В отличие от высокоморальных критиков Маканин (и его alter ego Петрович) знают не только о том, что нехорошо убивать живых людей, но и о том, что убийство присутствует в жизни. И — что всего важнее — в помыслах вполне обычных (и даже привлекательных) людей. Петровича легко принять за романтического индивидуалиста, резко противопоставленного толпе (общаге). Следующий шаг — констатация его кровного родства с этой самой толпой. Оба решения приблизительны: Петрович — голос общаги; чужие и часто отталкивающе низменные, примитивные чувства, страдания, помыслы, грехи становятся его собственными, «мычание» социума (недаром писателю ходят исповедоваться) превращается в его «речь». Потому, кстати, невозможна исповедь Петровича внутри романного пространства. Несостоявшийся «диалог» Петровича с Натой (что должен был бы облегчить душу героя и спасти его от психушки-тюрьмы) — пародия на отношения Раскольникова и Сонечки Мармеладовой. Это было замечено критикой и — с легкостью необыкновенной — поставлено в укор не только герою, но и автору. Незамеченным осталось, что и о срыве исповеди тоже говорит сам Петрович. Его покаяние — весь роман, как его грехи — общие грехи «нашего времени». Здесь важна не только понятная ориентация на Лермонтова и Достоевского, но и принципиальная трансформация образцов. Нам предъявлен не «журнал» (исповедь для себя) и не стороннее — с позиций всеведающего автора — свидетельство о преступлении и наказании, но «книга» (рассказ от первого лица в отчетливо литературной форме — с эпиграфами, названиями глав, изощренной композиционно-хронологической игрой). Чтобы написать такую книгу, должно осознать как «свое» то зло, что было уделом низменной толпы или одинокого больного героя. Петрович уверяет нас в своей преступности и немоте, но книга его самим фактом своего существования преодолевает немоту мира («все слова сказаны», «время литературы кончилось» и прочие благоглупости, ядовитое дыхание которых еще как ощутимо в творчестве Маканина 90-х; смотри в первую очередь эссе «Квази»).

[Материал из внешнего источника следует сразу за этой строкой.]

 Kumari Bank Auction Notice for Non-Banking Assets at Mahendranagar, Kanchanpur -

Мир «общаги-андеграунда» (диффузность этих символов внятна любому внимательному читателю) темен, грешен и страшен. Герой (поэт) несет ответственность за этот мир. Усредненно «постмодернистская» доктрина предполагает все действительное виртуальным (и тем самым убаюкивает совесть — чего переживать, как, впрочем, и радоваться, коли на смену одному навязанному сну придет другой?), Маканин, напротив, придает всему виртуальному (помыслу, сну, бреду) статус реального. Вина Петровича не зависит от того, убивал ли он «на самом деле» кавказца и стукача (или «только» придумал убийства, просуществовал эти страшные мгновения мысленно). Осуди Маканин Петровича впрямую, ослабь внешне его «демоническую» аргументацию (а также избавь от бросающихся в глаза портретных и биографических уподоблений самому себе) — и все были бы довольны. Но Маканина занимает глубинная связь художника и обезъязычевшего, помраченного общества, их общие — вне зависимости от «бытового поведения» какого-либо «мастера культуры» — вина, беда и пути выхода из тьмы к свету.

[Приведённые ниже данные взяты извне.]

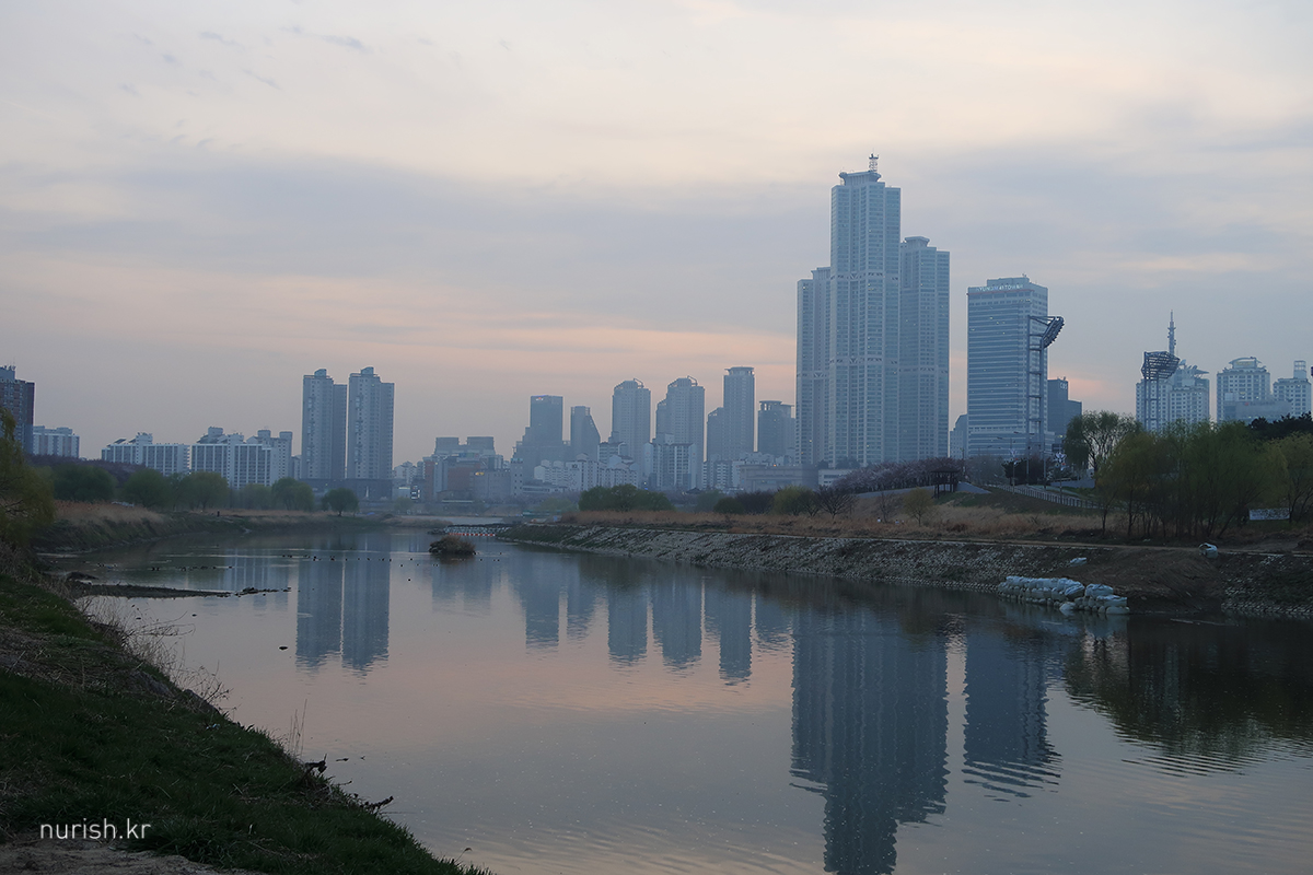 다섯 시 퇴근, 추운 겨울이 지나고 오랜만에 집에 걸어가는 길. 서쪽 하늘은 붉게 물드는 중인데 미세 먼지가....ㅠㅠㅠ

В основе «Андеграунда…» лежит трагический парадокс (занимавший Маканина всегда): общественная жизнь безжалостно уничтожает, унижает, коверкает, приспосабливает к себе личность, не оставляя ей, кажется, никаких шансов, а личность (увы, не всякая) — в какой-то предельной точке — все же остается свободной. Финальный проход залеченного до безумия художника («российский гений, забит, унижен, затолкан, в говне, а вот ведь не толкайте, дойду, я сам!») — это знак торжества не одного Венедикта Петровича (большая часть картин которого пропала, а сохранившиеся и составившие славу — сомнительны), но и его брата. Того, кто сумел — вопреки всему — запечатлеть боль нашего времени. Зная и о том, как росла она из боли времен вчерашних-позавчерашних, и о том, что боль не освобождает от ответственности за все случившееся, что художник не может существовать вне «общаги» (и истории) и что его (художника) дело — вбирать в себя вину мира, дабы выявить тот скрытый, но сущий свет, без которого нет ни личности, ни свободы, ни творчества. Сохранить словесность (проще говоря — написать книгу) в пору исчезающих рукописей, превращения былых творцов в членов бронзового пен-клубовского президиума, романтизации «деловой жизни» — значит дать еще один шанс не только культуре, но и просто человеку.